* **Problem statement**
Write the entries out again exactly; any picture among them gets left out.

* **Data items**
━━━━━━━━━━━━━━━━━━━━
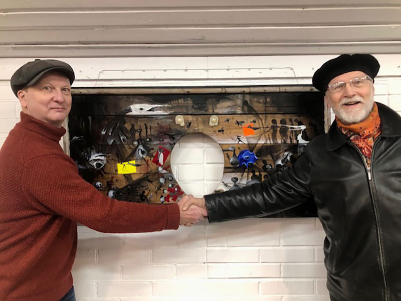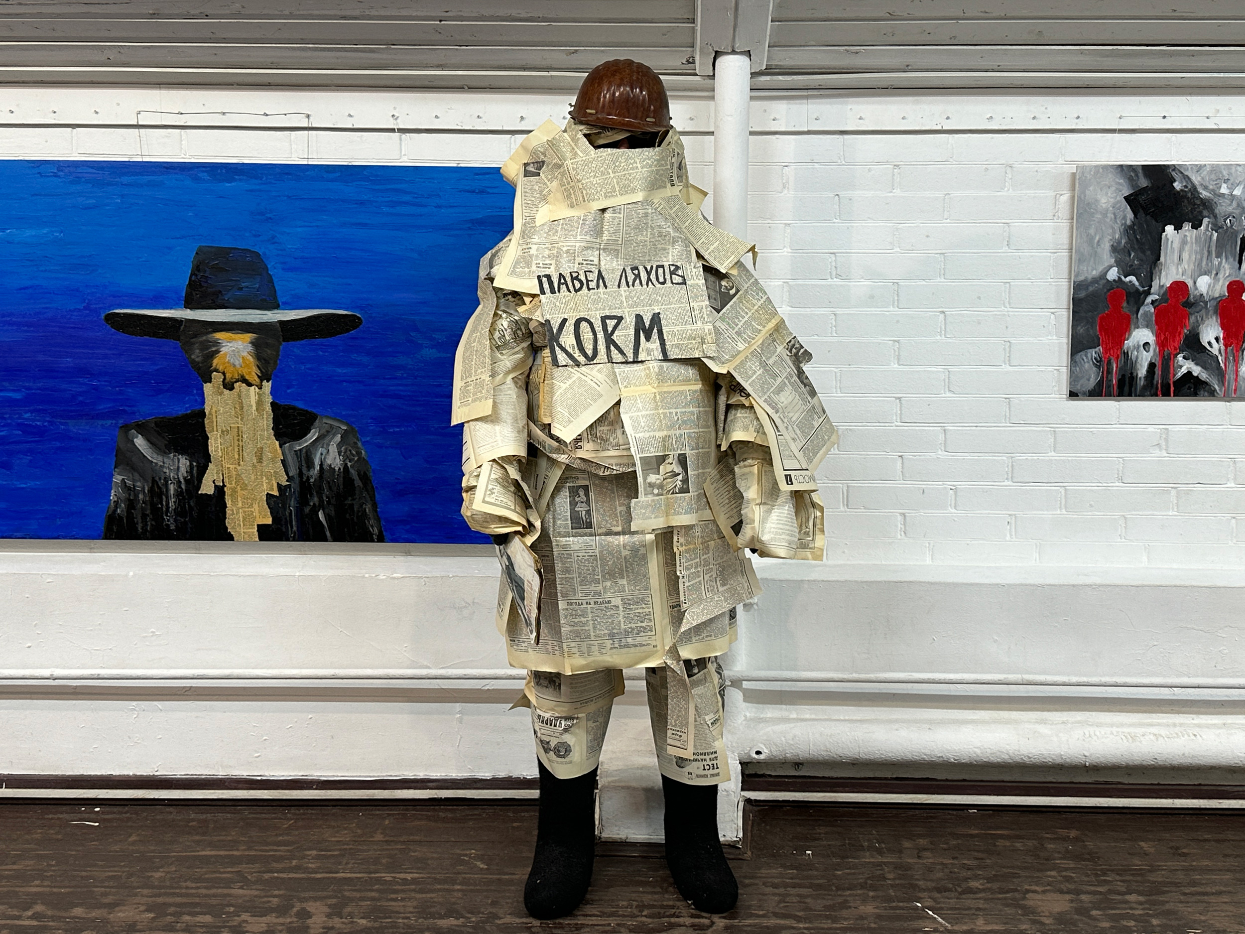 В работах Ляхова технология ручной аппликации обретает концептуальное звучание. Фанера как основа и рваные газетные фрагменты — это не только эстетический выбор, но и метафора хрупкости исторической памяти.
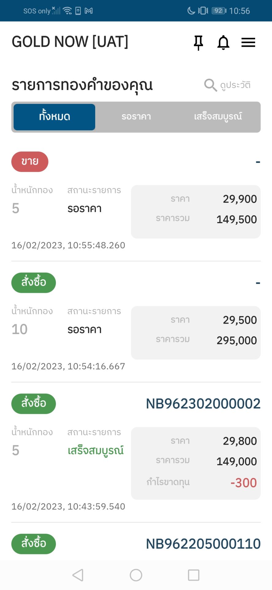 - ตรวจสอบเงินในบัญชีว่ามีเพียงพอกับราคาทองและค่าธรรมเนียมหรือไม่
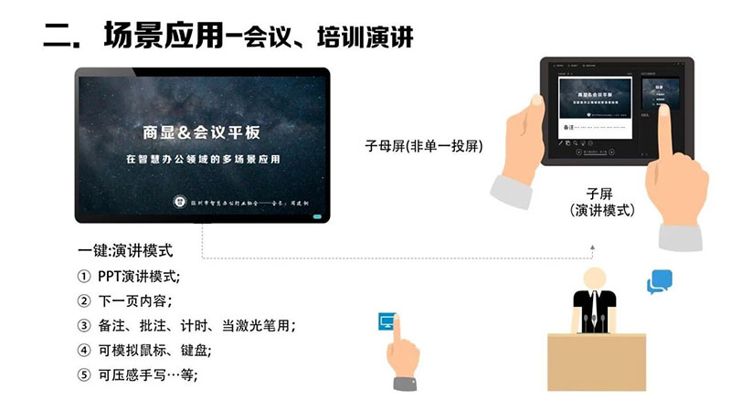我今天和大家分享的题目是:商显和会议平板在智慧办公领域的多种应用。
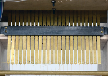| The flexures are constrained by a steel guide. Pins in each flexure keep it from falling thru the guide. |
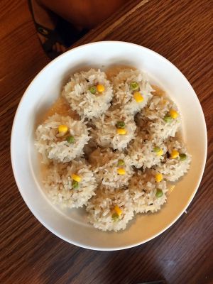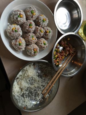 糯米泡好了,馅搓成肉丸再裹成糯米,扎下,进肉里一些
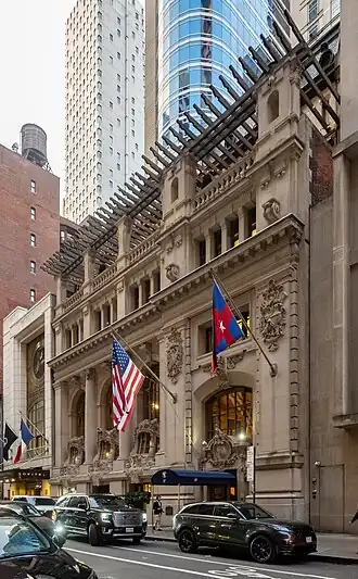 The club began renovating the building's interior in 1985, restoring chandeliers and other architectural details to their original condition.[118] The building was further designated as a National Historic Landmark in 1987.[7][122] After the interior modifications were completed, the club started renovating the exterior in 1992 at a cost of $600,000.[37] The NYYC requested permission from the LPC to restore the flagpoles and pergola on the facade. The club also planned to remove the gray paint on the facade, since the paint had decreased the porosity of the stone, which in turn had caused moisture problems.[20] The following year, Eliot Soffes of architectural firm Paino/Soffes designed a restoration of the pergola at a projected cost of $35,000. The pergola was rebuilt entirely for aesthetic purposes, as the rooftop terrace under the original pergola was not rebuilt.[123] These renovations were conducted in advance of the club's 150th anniversary.[124]
━━━━━━━━━━━━━━━━━━━━
* **Answer box**
 В работах Ляхова технология ручной аппликации обретает концептуальное звучание. Фанера как основа и рваные газетные фрагменты — это не только эстетический выбор, но и метафора хрупкости исторической памяти.
 - ตรวจสอบเงินในบัญชีว่ามีเพียงพอกับราคาทองและค่าธรรมเนียมหรือไม่
我今天和大家分享的题目是:商显和会议平板在智慧办公领域的多种应用。
| The flexures are constrained by a steel guide. Pins in each flexure keep it from falling thru the guide. |
 糯米泡好了,馅搓成肉丸再裹成糯米,扎下,进肉里一些
 The club began renovating the building's interior in 1985, restoring chandeliers and other architectural details to their original condition.[118] The building was further designated as a National Historic Landmark in 1987.[7][122] After the interior modifications were completed, the club started renovating the exterior in 1992 at a cost of $600,000.[37] The NYYC requested permission from the LPC to restore the flagpoles and pergola on the facade. The club also planned to remove the gray paint on the facade, since the paint had decreased the porosity of the stone, which in turn had caused moisture problems.[20] The following year, Eliot Soffes of architectural firm Paino/Soffes designed a restoration of the pergola at a projected cost of $35,000. The pergola was rebuilt entirely for aesthetic purposes, as the rooftop terrace under the original pergola was not rebuilt.[123] These renovations were conducted in advance of the club's 150th anniversary.[124]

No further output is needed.